Thérèse Vanier, who died in 2014, is one of those exceptional Catholics – like Dorothy Day, founder of the Catholic Worker movement in America, and Catherine de Hueck Doherty of Madonna House in Canada – who gloriously lived their vocation as lay women in the Church.
As the sister of Jean Vanier, co-founder of L’Arche communities for those with learning disabilities, Thérèse used her superb organisational skills and gift for empathy to help set up the first L’Arche home in Britain in 1974. This book, edited by a friend, includes reflections by 40 contributors who knew Thérèse in her various roles: as a senior lecturer in haematology at St Thomas’s Hospital (a position she resigned in 1972 to help found L’Arche UK); as a palliative care specialist at St Christopher’s Hospice between 1972 and 1988; and as someone who felt deeply the pain of disunity among Christians.
Dr Michael Kearney, who trained in palliative care under her guidance, spoke for all the contributors when he referred to “her quiet dignity … her beautiful presence, her profound respect for everyone she met, her capacity for deep listening”. For Jim Cargin, a long-term member of L’Arche, it was her practical wisdom in discerning “the difference between real hope and fanciful illusion … she would say ‘nothing is gained by pretending things are better than they really are.’ ”
There are memories of Thérèse at the first L’Arche community in Kent, such as “10 o’clock at night after a busy day, Thérèse in jeans, cigarette at her lips, quietly mopping the floor”, and many tributes to her championship of the spiritual and emotional needs of L’Arche assistants, which could be overlooked when caring for core community members.

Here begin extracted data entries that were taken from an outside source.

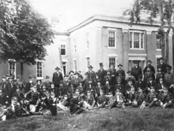 Today's DeKalb County Courthouse is the third in a line of structures to carry that name. In 1839 a log structure was built and called the county courthouse; the log building stood across the street from the current courthouse. Ten years later, in 1850, the second DeKalb County Courthouse was erected.[5] From December 13, 1902 until April 17, 1924, DeKalb-Sycamore Electric Traction Company operated a trolley route between the two cities (DeKalb and Sycamore), which ended at the DeKalb County Courthouse.[6] The current courthouse, which sits on the same site as the 1850 building, was erected in 1905.[5]
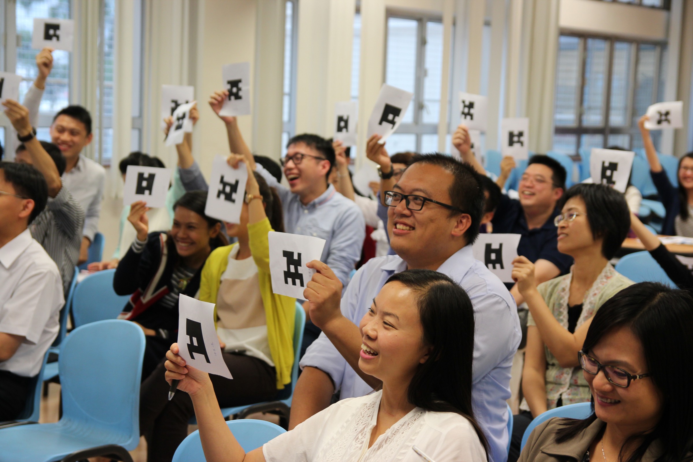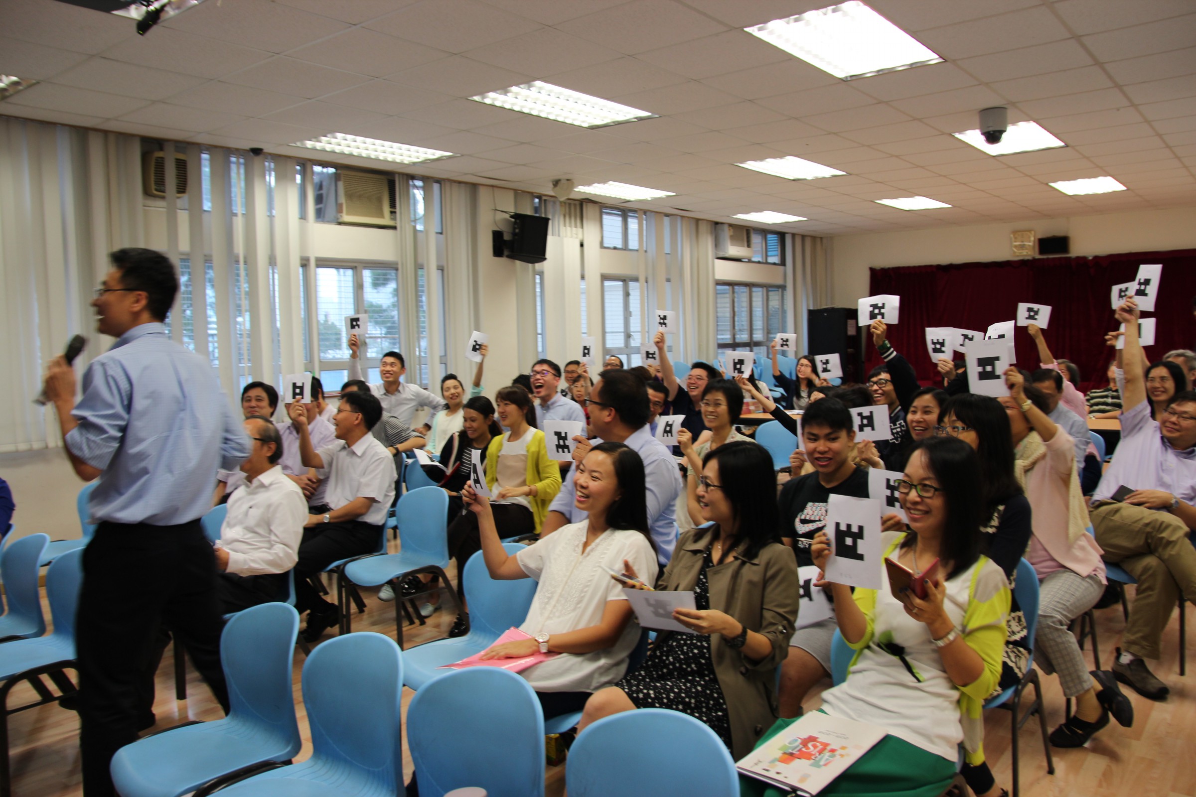 本校於11月13日進行了第四次職員會議,會上林達強老師與林瑞安老師為我們試範了電子教學的方法和好處。林達強老師用平版電腦進行Power lesson,能即時上傳錄音和照片,並可作手寫回應,這方便了學生分組閱讀網上資料,亦幫助老師進行課後評估,大大提升教學素質。林瑞安老師則運用Plickers進行教學試範,Plickers硬件要求低,只需一部電話便可以進行。老師在課堂上運用Plickers,可以即時統計資料,準確知道學生的學習難點,快捷地評估學生個人的學習成果,有利學生學習。
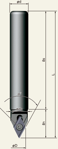 刀柄直径(φ16)和刀尖直径(φ12)的小口径钻, 更适用于狭窄部位60?的加工。
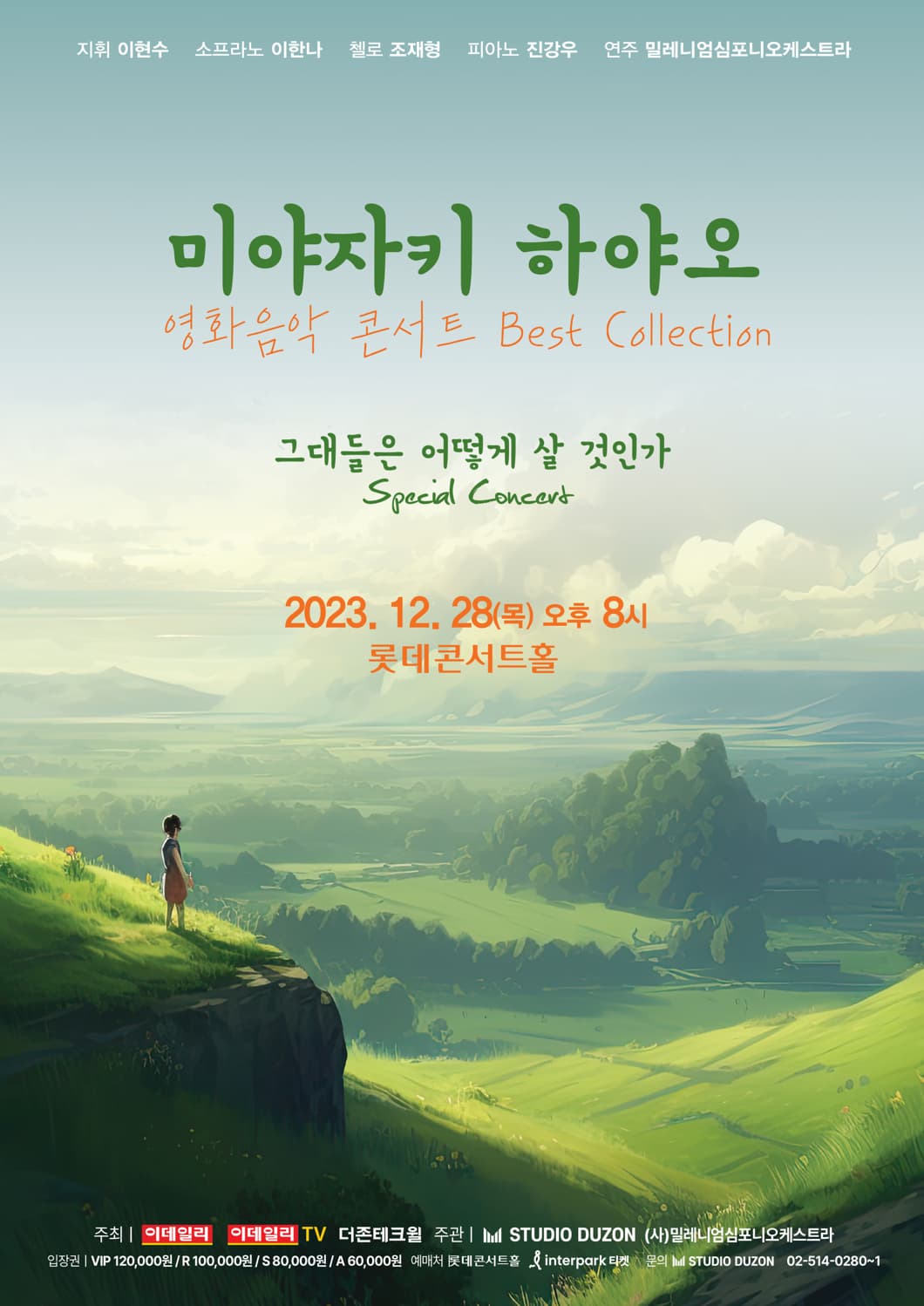 미야자키 하야오 영화음악콘서트 <그대들은 어떻게 살 것인가 Special Concert> 기간 : 2023-12-28 ~ 2023-12-28 장소 : 롯데콘서트홀 문의처 : 스튜디오 더존 02-514-0280 요금 : VIP 120,000 ㅣ R석 100,000 ㅣ S석 80,000 ㅣ A석 60,000 음악/콘서트 서울 예매하기
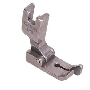 O Pé Calcador Pesponto com Guia Fixo Direito 12463HR 1/8 - P812 é projetado para costuras precisas em máquinas de costura reta industrial. Equipado com um guia fixo, permite um controle exato da borda, facilitando acabamentos de alta qualidade e uniformidade em tecidos variados.
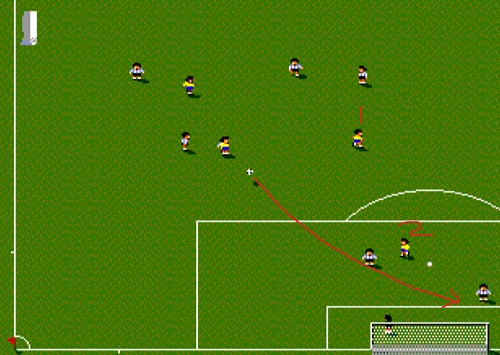 Something I've noticed with the good SWOS players is that they always seem to be in control of the right player at the right time. It's something I struggle with, especially when crossing the ball. Let me show you an example in this picture.
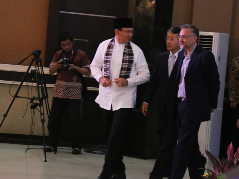 Gubernur DKI Jakarta, Basuki Tjahaja Purnama meresmikan pembangunan Light Rail Transit (LRT) Jakarta, Velodrome dan Equestrian di gedung KNPI DKI Jakarta, Jalan Balap Sepeda, Rawamangun, Jakarta Timur, Rabu (22/06). (Foto: Reza/beritajakarta.com)
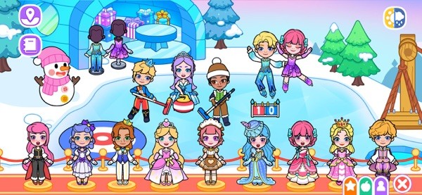 公主们可以在冰上滑行和舞蹈,或者是进行一场精彩的冰壶比赛,有几个公主正在采集冰块并将其雕刻成雕像和服装呢。
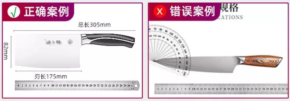 (正確說明:明確標(biāo)識(shí)刀尖角度身(刃長) ;錯(cuò)誤說明:戶外刀具刃長過長)

Thérèse died as L’Arche UK was celebrating its 40th anniversary. She had sent a message to be read at the service of thanksgiving in which “she reiterated her own major preoccupations: that L’Arche should combine competence with tenderness and compassion, and offer the support to long-term assistants that made this possible.”
Thérèse’s life reflected her insight that dying and disabled people “could teach others what it meant to be human”. Shearer’s book reveals an outstanding woman: humble, prayerful, tireless in her vocation and using her many gifts to their fullest extent.